The Salmonella genomic island 1 is specifically mobilized in trans by the IncA/C multidrug resistance plasmid family

Abstract

Background: The Salmonella genomic island 1 (SGI1) is a Salmonella enterica-derived integrative mobilizable element (IME) containing various complex multiple resistance integrons identified in several S. enterica serovars and in Proteus mirabilis. Previous studies have shown that SGI1 transfers horizontally by in trans mobilization in the presence of the IncA/C conjugative helper plasmid pR55.

Methodology/principal findings: Here, we report the ability of different prevalent multidrug resistance (MDR) plasmids including extended-spectrum β-lactamase (ESBL) gene-carrying plasmids to mobilize the multidrug resistance genomic island SGI1. Through conjugation experiments, none of the 24 conjugative plasmids tested of the IncFI, FII, HI2, I1, L/M, N, P incompatibility groups were able to mobilize SGI1 at a detectable level (transfer frequency <10(-9)). In our collection, ESBL gene-carrying plasmids were mainly from the IncHI2 and I1 groups and thus were unable to mobilize SGI1. However, the horizontal transfer of SGI1 was shown to be specifically mediated by conjugative helper plasmids of the broad-host-range IncA/C incompatibility group. Several conjugative IncA/C MDR plasmids as well as the sequenced IncA/C reference plasmid pRA1 of 143,963 bp were shown to mobilize in trans SGI1 from a S. enterica donor to the Escherichia coli recipient strain. Depending on the IncA/C plasmid used, the conjugative transfer of SGI1 occurred at frequencies ranging from 10(-3) to 10(-6) transconjugants per donor. Of particular concern, some large IncA/C MDR plasmids carrying the extended-spectrum cephalosporinase bla(CMY-2) gene were shown to mobilize in trans SGI1.

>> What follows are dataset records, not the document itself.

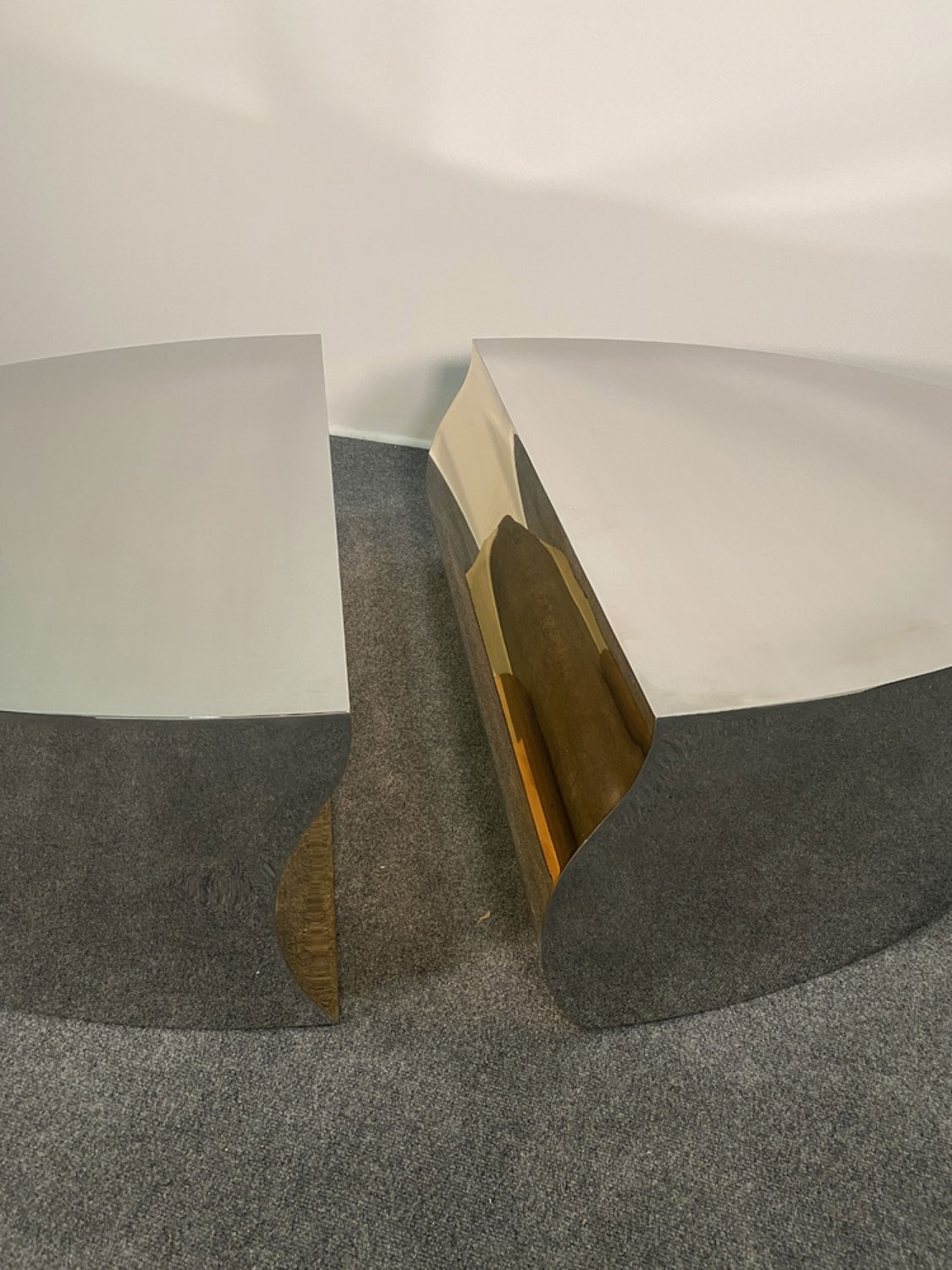 Style: Mid-Century Materials & Techniques: Bronze, chrome Category: Tables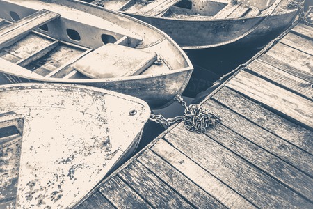 Old iron frayed and shabby boat noses tied to wooden dock close-up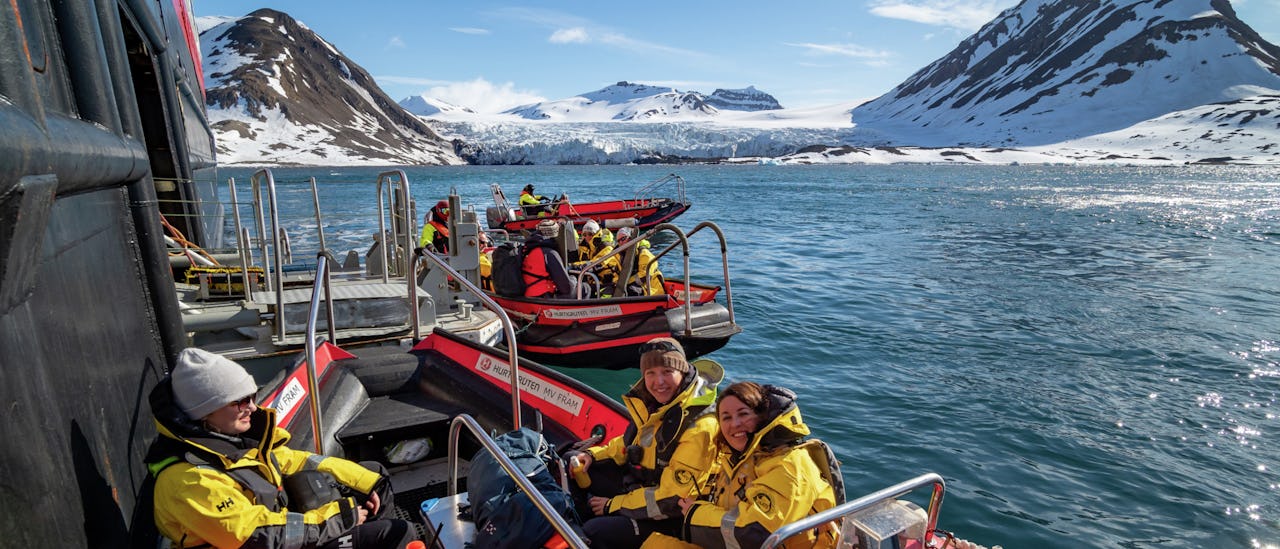 Fram har ett fullt utrustat däck för expeditionsutrustning och du tar dig tryggt och säkert iland med stabila Polarcirkel-båtar.

Conclusions/significance: The ability of the IncA/C MDR plasmid family to mobilize SGI1 could contribute to its spread by horizontal transfer among enteric pathogens. Moreover, the increasing prevalence of IncA/C plasmids in MDR S. enterica isolates worldwide has potential implications for the epidemic success of the antibiotic resistance genomic island SGI1 and its close derivatives.

Figure 1. Restriction profile analysis of IncA/C plasmids digested by the restriction enzyme DraI.

Lane 1, pRA1; lane 2, pR55; lane 3, pR16a; lane 4, pIP40a; lane 5, p13956; lane 6, p13688; lane 7, pN418; lane 8, pAM04528; M, kbp molecular marker (Smartladder, Eurogentec, Seraing, Belgium).

Figure 2. Circular representations of previously sequenced IncA/C plasmids pRA1 and pAM04528 and their common IncA/C backbone (red inner circle).

Nucleotide composition (GC plot) is represented on each plasmid and genes were color coded, depending on functional annotations, as follows: plasmid replication/maintenance, blue; transposition/recombination, green; conjugative plasmid transfer, yellow; antimicrobial resistance, red; other functions/hypothetical proteins, gray. Distance scales in base pair are given around each map. Sequences and annotations of pRA1 and pAM04528 are accessible in GenBank database under accession numbers FJ705807 and FJ621587, respectively.